The Changing World of Maintenance

Over the last eighty years, the expectations placed on maintenance teams have evolved radically. We have moved through three distinct generations:

  1. First Generation (Pre-WWII):
    • Equipment was simple and over-engineered.
    • The strategy was “Fix it when it breaks.”
  2. Second Generation (Post-WWII):
    • Mechanization increased, and labor costs rose.
    • The focus shifted to “Preventive Maintenance” and scheduled overhauls to keep assets alive.
  3. Third Generation (Current):
    • Just-in-Time manufacturing and automation mean that downtime is now exorbitantly expensive.
    • More advanced techniques are required to optimize the system constraints

However, the Third Generation is defined by more than just cost. There is a rapidly growing awareness of the connection between maintenance, product quality, and safety. A failure in a chemical plant or an aircraft isn’t just an operational nuisance; it is a potential tragedy.
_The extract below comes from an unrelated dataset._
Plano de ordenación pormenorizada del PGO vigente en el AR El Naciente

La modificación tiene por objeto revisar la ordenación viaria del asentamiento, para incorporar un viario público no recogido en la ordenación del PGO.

The Cultural Shift: Operators to think as Engineers

This high-stakes environment has forced a cultural convergence. Operations personnel can no longer treat machines as “black boxes” that maintenance fixes. They are having to think and act like engineers and managers, understanding the limits and capabilities of their equipment. Conversely, maintenance teams are being forced to understand commercial and operational consequences.

2. The Reality of Failure

Why do traditional maintenance schedules fail to deliver reliability in modern plants? The answer lies in our fundamental misunderstanding of how things break.
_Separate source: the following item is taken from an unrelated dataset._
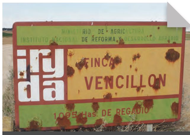
Fig. 9 - Vell cartell de l'Institut Nacional de Reforma y Desarrollo Agrario (IRYDA), testimoni d'una altra època, molt a prop de la població de Pla de la Font, al límit amb el terme municipal de Vencilló, a la comarca de la Llitera. Agost 2010. Rafel Folch Monclús.

Dels primers assentaments datats al voltant del 1.000 aC, passant per la colonització ibera, la posterior romanització, la presència sarraïna, les subsegüents reconquestes cristianes i el domini dels senyors feudals de l'edat mitjana, tots i cadascuna han deixat la seva empremta històrica, encara perceptible en algunes de les construccions arquitectòniques que es conserven en diversos turons de la zona. 7 I igual que contenen tot el ventall de la varietat històrica que ha habitat aquest territori, el seu caràcter eixut i desèrtic fa dels tossals uns espectadors privilegiats del que devia haver estat aquest ampli territori estacionalment humitejat per la clamor Amarga. Alguns dels principals tossals testimoni que voregen la clamor en el seu trànsit fins al Cinca són el tossal del Metxut, a Almenar, el tossal de l'Ametller i el Vilot, a Almacelles, el tossal de Vallbona prop del Torricó, el tossal de Cabanes, a la vora de la població del Pla de la Font, tots entre els 200 i els 400 m d'alçada, i els diversos turons de la part baixa de la clamor, a la zona de les partides dels Montcalvos i els Abellars, ja amb uns relleus més sinuosos i agrests, prop del poble de Saidí.

For decades, the industry has relied on the assumption that most assets have a reliable life period, after which they wear out. The logic followed that if you overhauled a machine right before it hit that “wear-out zone,” you could prevent failure.

The Aviation Discovery

The commercial aviation industry was the first to be confronted with the lethal inadequacy of this model. Despite aggressive scheduled maintenance, crash rates remained worryingly high in the mid-20th century.

Research into Third Generation maintenance revealed a startling truth: Failure is rarely about age.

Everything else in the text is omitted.